PROBLEM REQUIREMENTS:
Using the entries that follow, write out the line containing "Aluminum Canopy Supports", the line containing "Halo Sense Lab Air Quality Sensor", and every line between them, exactly and nothing else.

======== RAW DATA ========

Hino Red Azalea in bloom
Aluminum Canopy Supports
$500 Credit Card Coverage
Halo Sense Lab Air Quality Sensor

========
======== RAW DATA ========

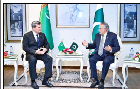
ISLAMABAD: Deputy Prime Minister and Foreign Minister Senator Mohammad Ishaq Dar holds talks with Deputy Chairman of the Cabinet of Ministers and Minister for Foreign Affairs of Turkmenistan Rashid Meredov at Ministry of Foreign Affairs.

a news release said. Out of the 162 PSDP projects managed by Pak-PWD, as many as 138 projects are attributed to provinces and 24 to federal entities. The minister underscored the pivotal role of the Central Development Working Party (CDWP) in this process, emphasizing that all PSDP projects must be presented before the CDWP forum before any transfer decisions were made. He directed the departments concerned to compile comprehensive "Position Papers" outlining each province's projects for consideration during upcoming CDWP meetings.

========

ANSWER TO THIS EXERCISE:
Aluminum Canopy Supports
$500 Credit Card Coverage
Halo Sense Lab Air Quality Sensor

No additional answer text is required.